Kumar Singh, and Shih-Fu Chang. In a blink of an eye and a

switch of a transistor: Cortically coupled computer vision. Proceedings of the IEEE, 98(3):462-478, 2010.

[10] Gerwin Schalk, Peter Brunner, Lester A. Gerhardt, Horst Bischof, and Jonathan R.Wolpaw. Brain-computer interfaces (BCIs): Detection instead of classification. Journal of Neuroscience Methods, 167:51-62, 2008.

[11] Berhard Scholkopf, John C. Piatt, John Shawe-Tyler, Alex J. Smola, and Robert C. Williamson. Estimating the support of a high-dimensional distribution. Neural Computation, 13 : 1443-1471, 2001.

[12] Bernhard Scholkopf and Alexander J. Smola. Learning with Kernels. The MIT Press, 2001.

[13] David M. J. Tax and Robert P.W. Duin. Support vector domain description. Pattern Recognition Letters, 20: 1191-1199, 1999.

[14] Jonathan R. Wolpaw, Niels Birbaumer, Dennis J. McFarland, Gert

Pfurtscheller, and Theresa M. Vaughan. Brain-computer interfaces for

communication and control. Clinical Neurophysiology, 113 (6): 767-791,

2002.

[15] Thorsten O. Zander and Christian Kothe. Towards passive braincomputer interfaces: applying brain-computer interface technology to

human-machine systems in general. Journal of Neural Engineering, 8(2):

025005 (5pp), 2011.

Claims

1. Method for providing a brain-computer interface, comprising:

obtaining a classification model as part of a processing pipeline for processing an input signal (£), the input signal comprising a neural signature to be detected by the classification model,

wherein obtaining the classification model comprises training the classification model using the input signal and assigning one or more labels to the input signal at different time points, wherein each label indicates whether the input signal at the associated time point of the label should be classified as a target activity by the classification model, further comprising processing steps for

- specifying a polynomial kernel using predetermined polynomial kernel

parameters, that induces a mapping of the whitened time series to a linearly separable feature space,

- classifying the feature space using the output of the polynomial kernel,

predetermined classification parameters, and weights,

2. Method according to claim 1, further comprising executing the classification model using the determined weights and an input signal.

3. Method according to any one of claims 1-2, wherein the polynomial kernel is a non-linear polynomial kernel.

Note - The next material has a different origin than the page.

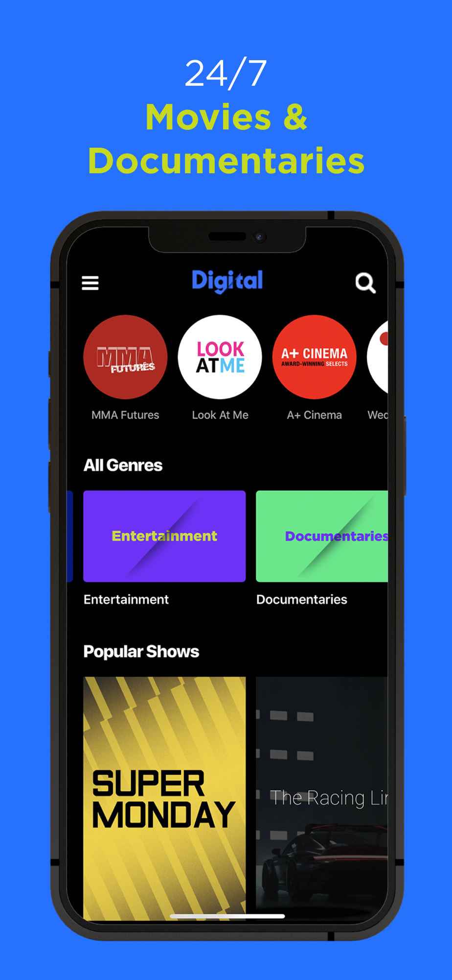 Instantly watch over 50 global channels covering genres of sports, documentaries, entertainment, live music, travel, children's cartoons, a variety of 24/7 movies and on-demand series. Watch daily, any time of the day, on your phone or TV without missing a second of your shows or movies.

4. Method according to any one of claims 1-3, wherein the numerical optimization procedure is executed for a kernel machine.

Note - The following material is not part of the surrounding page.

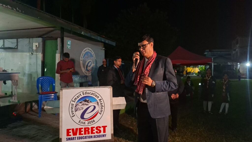 क्याम्प फायरिङ सेरेमोनीमा सहभागि भएका प्रमुख अतिथि विर्तामाेड ६ का वडाध्यक्ष सुर्य कन्दङ्वाले ‘स्काउट’ आफैमा स्वयंसेवी संस्था रहेको चर्चा गर्दै एभरेष्ट विद्यालय भित्रकै विद्यार्थीहरु पनि यो सेवामा लागेकोमा गर्व लागेको बताए ।

5. Method according to any one of claims 1-4, wherein whitening the input signal comprises an adaptive whitening step for removing correlations in the input signal.

6. Method according to claim 5, wherein the whitening comprises adaptive sensor covariance estimation having a rate of adaptation defined by a half-life of less than 60 seconds, e.g. less than 50 seconds, e.g. 30 seconds. .

7. Method according to any one of claims 1-6, wherein the whitening further comprises filtering the input signal using a high-pass filter with a cut-off frequency of less than 5 Hz, e.g. 1 Hz.

8. Method according to any one of claims 1-7, further comprising, after the whitening, windowing the input signal using predetermined windowing parameters to bias use of primarily the newest parts of the input signal.

9. Method according to any one of claims 1-8, wherein the windowing comprises a variance biasing step, using a function that specifies the fraction of variance for a sample age.

10. Brain computer interface comprising an input unit for receiving an input signal, and a processing unit connected to the input unit, the processing unit being arranged for executing the method according to any one of claims 1-9.

11. Computer program product comprising computer executable instructions, which when loaded on a processing system provide the processing system with the functionality of the method according to any one of claims 1-9.

12. Use of the method according to any one of claims 1-9 in an entertainment application.

13. Use of the method according to any one of claims 1-9 for operating a further apparatus.

14. Use of the method according to any one of claims 1-9 for training applications.

15. Use of the method according to any one of claims 1-9 for monitoring purposes.